Chapter 9 Calculate genotype posteriors
9.1 Brief introduction
After we filtered our callset, we use extra information like pedigree and allele frequencies in relevant populations to refine the genotype assignments.
9.2 Benchmarks
We did benchmarks on the performance of CalculateGenotypePosteriors
with
different numbers of CPUs and memory. As show in figure 9.1,
the runtime was not reduced with increasing threads.

Figure 9.1: Runtime of CalculateGenotypePosteriors
as a function of the number of threads
We normally recommend running jobs with 70%-80% efficiency. Based on the efficiency calculated from the benchmarks above (figure 9.2)
we recommend not running CalculateGenotypePosteriors
with more than 2 threads.

Figure 9.2: Efficiency of CalculateGenotypePosteriors
as a function of the number of threads
Increasing memory didn’t improve the performance (figure 9.3).

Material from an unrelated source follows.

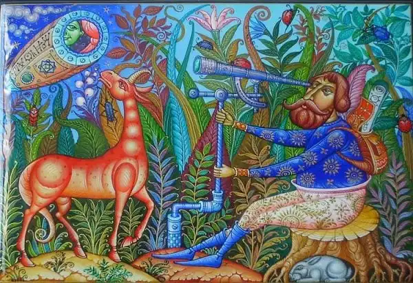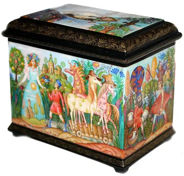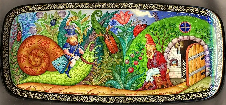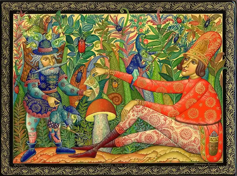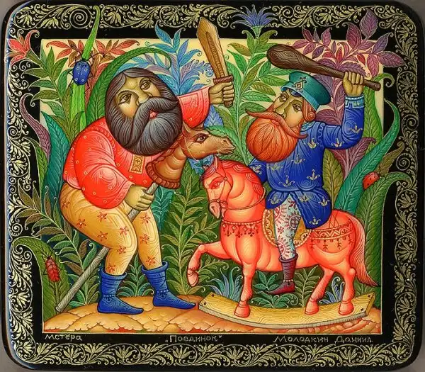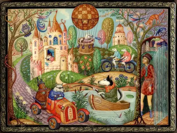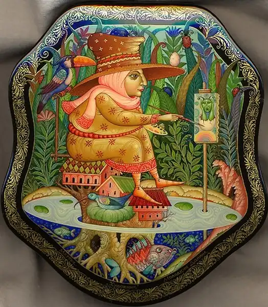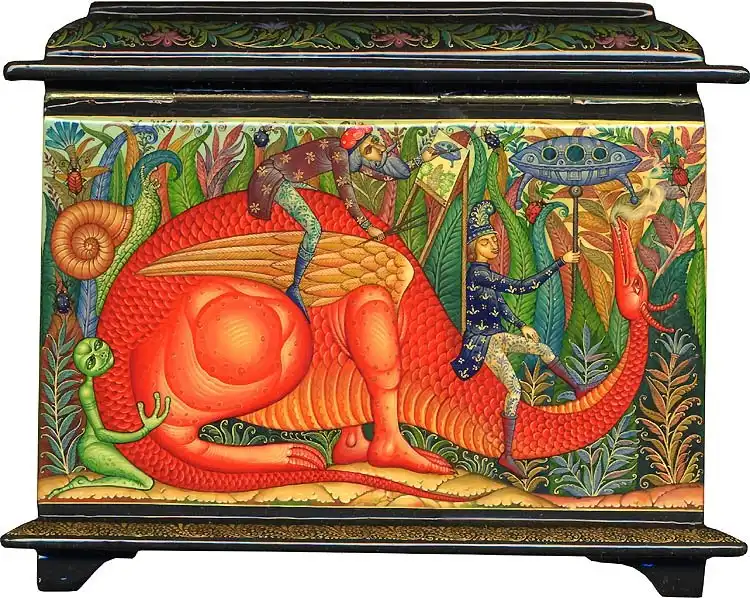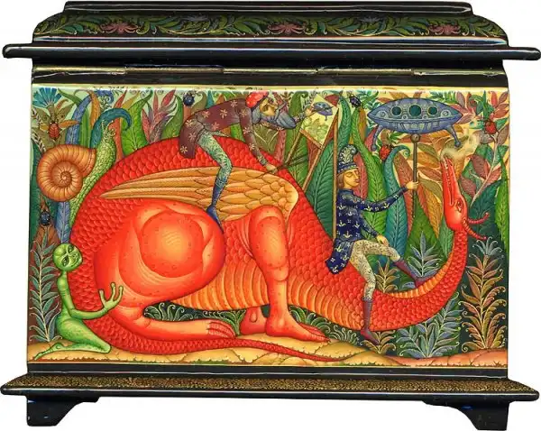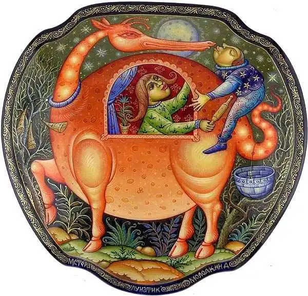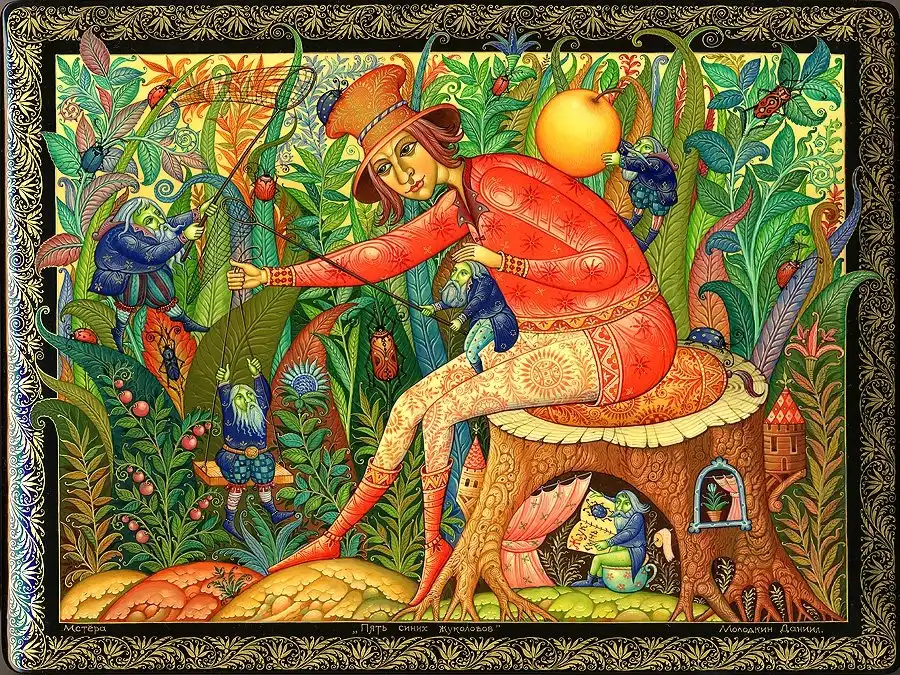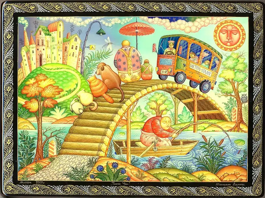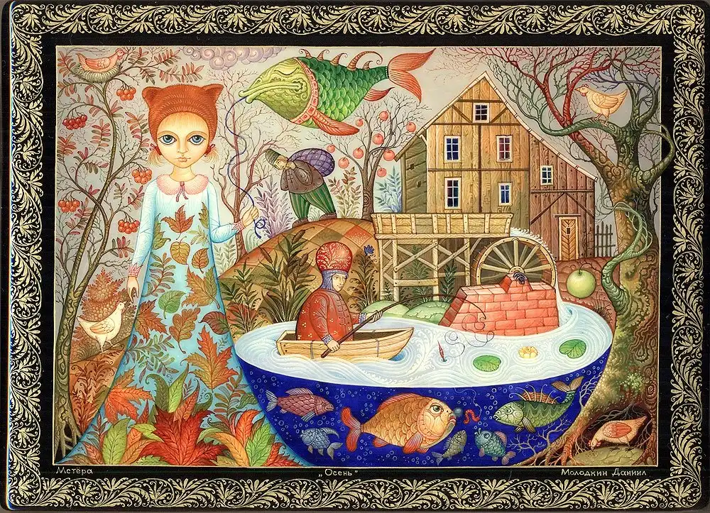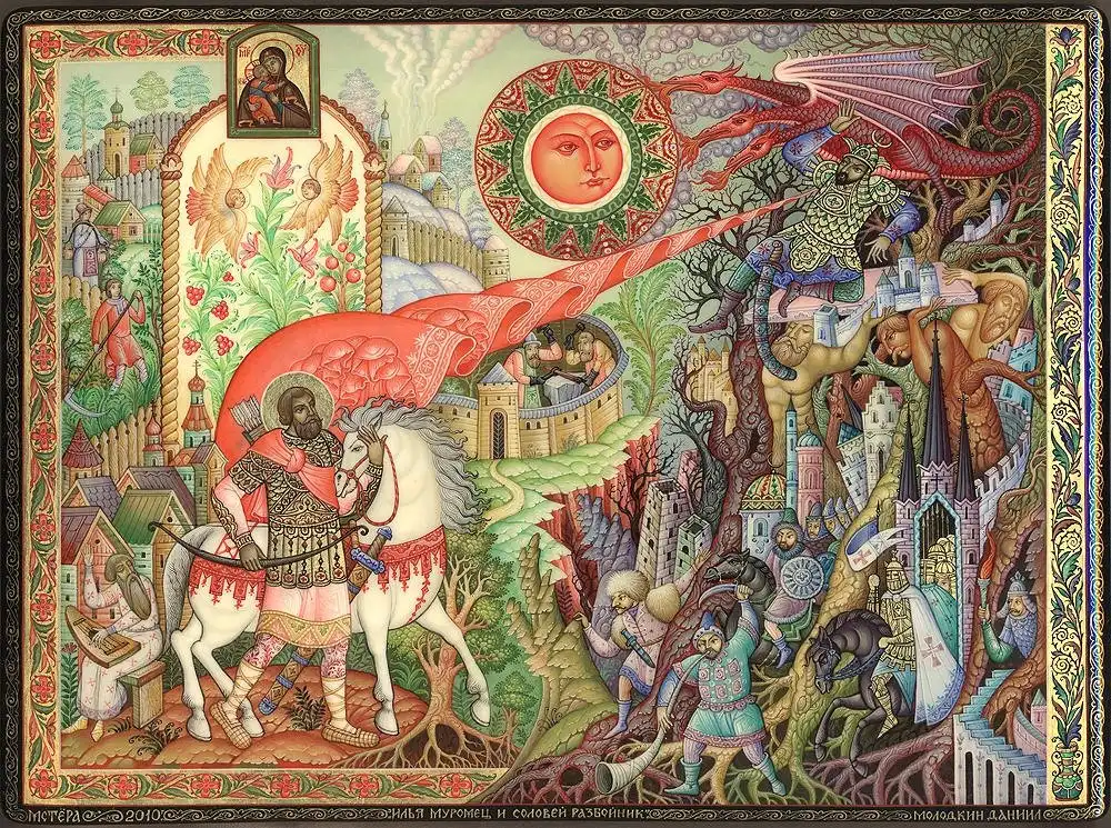 Даниила Молодкин родился в поселке Мстёра в семье художников. Учился там же в известном Мстёрском художественном училище. Работает в палехском стиле лаковой миниатюры. Сюжеты кажутся несколько необычными для русской росписи, но если вдуматься, то первые мастера в Палехе тоже ведь использовали сюжеты современных для себя сказок.
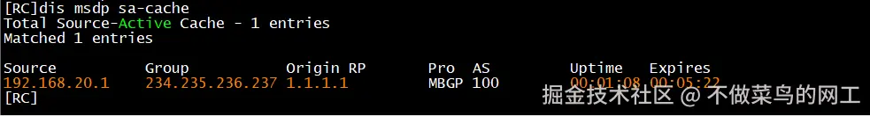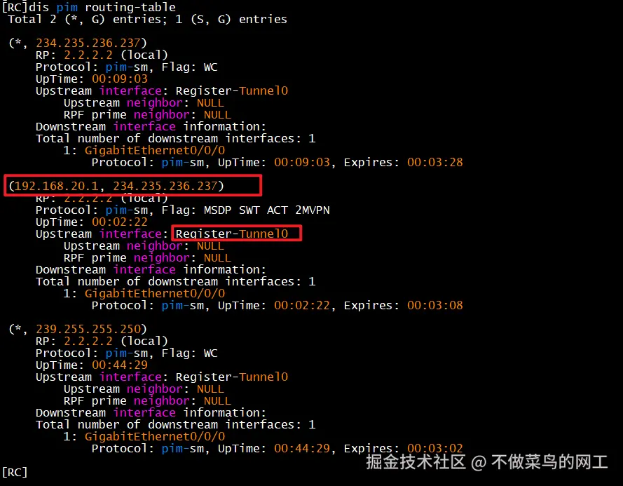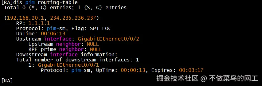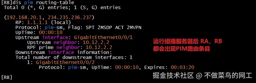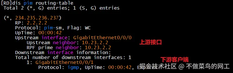并且生成完成的PIM路由 即上游接口以及组播服务器地址

Figure 9.3: Runtime of CalculateGenotypePosteriors
as a function of the number of threads
9.3 Optimized script
#! /bin/bash
set -euo
module load GATK/4.3.0.0
cd data/;
gatk --java-options "-Djava.io.tmpdir=/lscratch/$SLURM_JOBID -Xms2G -Xmx2G -XX:ParallelGCThreads=2" \
\
CalculateGenotypePosteriors -V indel.SNP.recalibrated_99.9.vcf.gz \
-ped trio_pedigree.ped \
--supporting-callsets af-only-gnomad.hg38.vcf.gz \
-O trio_refined_99.9.vcf.gz
Job submission:
sbatch --cpus-per-task=2 --mem=2G --gres=lscratch:100 --time=2:00:00 09-GATK_CalculateGenotypePosteriors_99.9.sh
Note:
- There are multiple filters could be applied, it depends on your research needs.